> WHAT YOU ARE ASKED TO DO
Output the data below only from the line containing "Transform your interior" up to and including the line containing "1513K. Shantiniketan Leather", exact and with the pictures left out.

> TASK MATERIAL
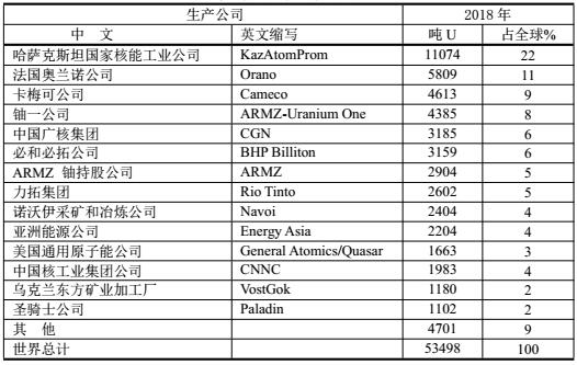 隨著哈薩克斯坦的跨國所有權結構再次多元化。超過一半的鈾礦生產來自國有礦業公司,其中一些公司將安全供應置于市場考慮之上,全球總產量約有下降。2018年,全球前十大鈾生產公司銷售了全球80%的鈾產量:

==

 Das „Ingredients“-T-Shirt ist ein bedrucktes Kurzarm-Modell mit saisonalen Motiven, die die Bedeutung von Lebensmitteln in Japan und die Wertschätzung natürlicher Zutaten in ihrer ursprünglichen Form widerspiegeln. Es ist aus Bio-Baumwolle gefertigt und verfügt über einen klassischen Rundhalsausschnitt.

...

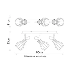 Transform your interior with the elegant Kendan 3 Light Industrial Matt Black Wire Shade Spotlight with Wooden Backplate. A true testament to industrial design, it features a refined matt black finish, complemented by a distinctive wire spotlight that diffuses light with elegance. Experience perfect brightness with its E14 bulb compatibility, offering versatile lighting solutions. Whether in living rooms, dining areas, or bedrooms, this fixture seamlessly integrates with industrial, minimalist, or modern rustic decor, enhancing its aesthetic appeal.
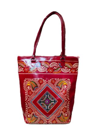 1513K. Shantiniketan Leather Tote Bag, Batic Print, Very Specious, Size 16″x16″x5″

> SOLUTION TO THE EXERCISE
 Transform your interior with the elegant Kendan 3 Light Industrial Matt Black Wire Shade Spotlight with Wooden Backplate. A true testament to industrial design, it features a refined matt black finish, complemented by a distinctive wire spotlight that diffuses light with elegance. Experience perfect brightness with its E14 bulb compatibility, offering versatile lighting solutions. Whether in living rooms, dining areas, or bedrooms, this fixture seamlessly integrates with industrial, minimalist, or modern rustic decor, enhancing its aesthetic appeal.
 1513K. Shantiniketan Leather Tote Bag, Batic Print, Very Specious, Size 16″x16″x5″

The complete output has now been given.